■ EXERCISE REQUIREMENTS
An exact, complete copy of the entries is needed, with the pictures left out.

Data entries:

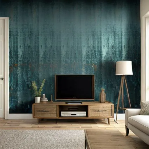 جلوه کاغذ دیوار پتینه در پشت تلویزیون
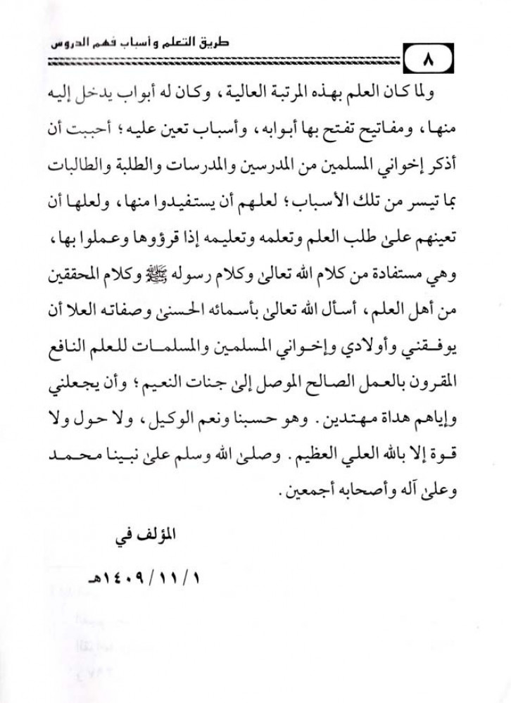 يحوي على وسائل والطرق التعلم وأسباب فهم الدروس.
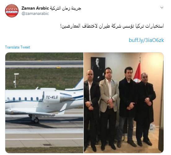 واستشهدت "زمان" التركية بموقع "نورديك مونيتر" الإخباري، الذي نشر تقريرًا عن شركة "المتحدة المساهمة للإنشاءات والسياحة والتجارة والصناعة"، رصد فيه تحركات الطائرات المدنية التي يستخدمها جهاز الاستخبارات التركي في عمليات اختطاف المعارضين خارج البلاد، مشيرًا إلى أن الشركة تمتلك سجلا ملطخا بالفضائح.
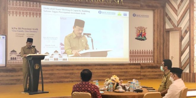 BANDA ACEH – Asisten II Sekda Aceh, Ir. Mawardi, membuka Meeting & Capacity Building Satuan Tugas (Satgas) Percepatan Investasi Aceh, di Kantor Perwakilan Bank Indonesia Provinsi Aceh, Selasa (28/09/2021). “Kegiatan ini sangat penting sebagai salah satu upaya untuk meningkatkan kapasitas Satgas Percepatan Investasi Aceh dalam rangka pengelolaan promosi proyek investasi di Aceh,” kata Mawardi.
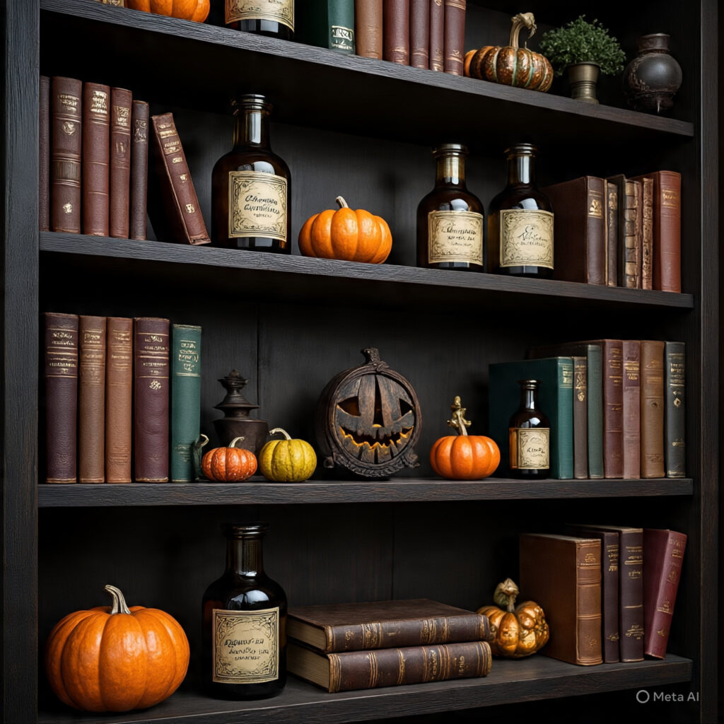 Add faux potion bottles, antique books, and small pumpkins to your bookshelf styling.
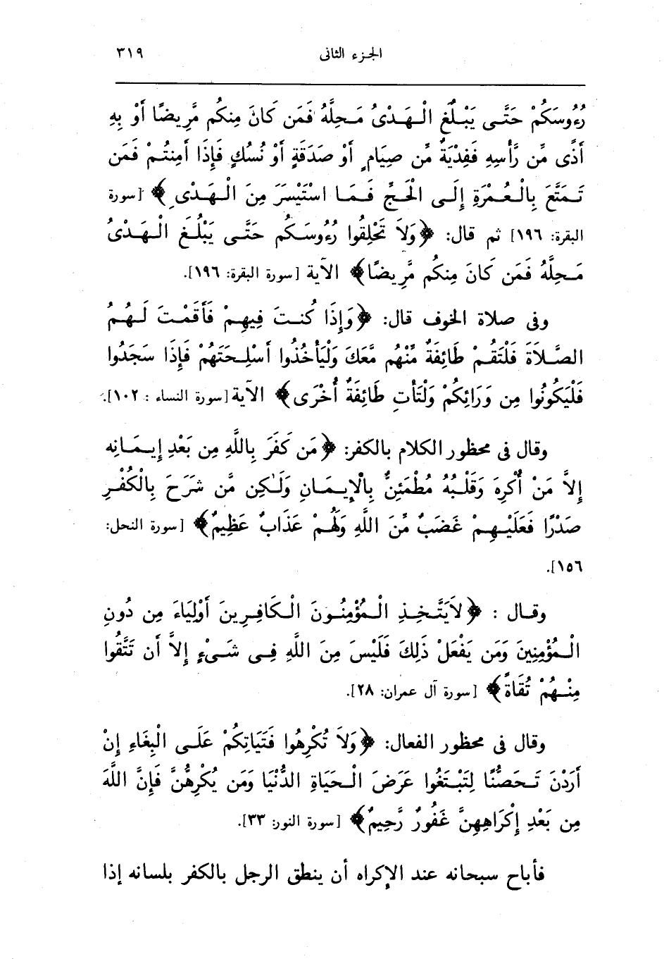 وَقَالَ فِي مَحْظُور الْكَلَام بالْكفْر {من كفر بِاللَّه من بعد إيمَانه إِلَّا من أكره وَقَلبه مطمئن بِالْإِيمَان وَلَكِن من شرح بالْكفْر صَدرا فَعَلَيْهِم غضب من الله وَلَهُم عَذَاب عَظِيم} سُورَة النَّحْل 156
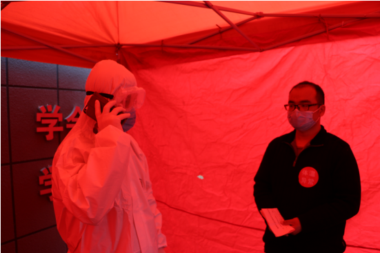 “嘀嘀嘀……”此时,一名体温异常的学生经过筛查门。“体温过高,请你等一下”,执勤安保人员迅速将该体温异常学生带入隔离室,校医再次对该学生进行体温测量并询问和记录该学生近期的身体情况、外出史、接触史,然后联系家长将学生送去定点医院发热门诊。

■ YOUR RESPONSE
 جلوه کاغذ دیوار پتینه در پشت تلویزیون
 يحوي على وسائل والطرق التعلم وأسباب فهم الدروس.
 واستشهدت "زمان" التركية بموقع "نورديك مونيتر" الإخباري، الذي نشر تقريرًا عن شركة "المتحدة المساهمة للإنشاءات والسياحة والتجارة والصناعة"، رصد فيه تحركات الطائرات المدنية التي يستخدمها جهاز الاستخبارات التركي في عمليات اختطاف المعارضين خارج البلاد، مشيرًا إلى أن الشركة تمتلك سجلا ملطخا بالفضائح.
 BANDA ACEH – Asisten II Sekda Aceh, Ir. Mawardi, membuka Meeting & Capacity Building Satuan Tugas (Satgas) Percepatan Investasi Aceh, di Kantor Perwakilan Bank Indonesia Provinsi Aceh, Selasa (28/09/2021). “Kegiatan ini sangat penting sebagai salah satu upaya untuk meningkatkan kapasitas Satgas Percepatan Investasi Aceh dalam rangka pengelolaan promosi proyek investasi di Aceh,” kata Mawardi.
 Add faux potion bottles, antique books, and small pumpkins to your bookshelf styling.
 وَقَالَ فِي مَحْظُور الْكَلَام بالْكفْر {من كفر بِاللَّه من بعد إيمَانه إِلَّا من أكره وَقَلبه مطمئن بِالْإِيمَان وَلَكِن من شرح بالْكفْر صَدرا فَعَلَيْهِم غضب من الله وَلَهُم عَذَاب عَظِيم} سُورَة النَّحْل 156
 “嘀嘀嘀……”此时,一名体温异常的学生经过筛查门。“体温过高,请你等一下”,执勤安保人员迅速将该体温异常学生带入隔离室,校医再次对该学生进行体温测量并询问和记录该学生近期的身体情况、外出史、接触史,然后联系家长将学生送去定点医院发热门诊。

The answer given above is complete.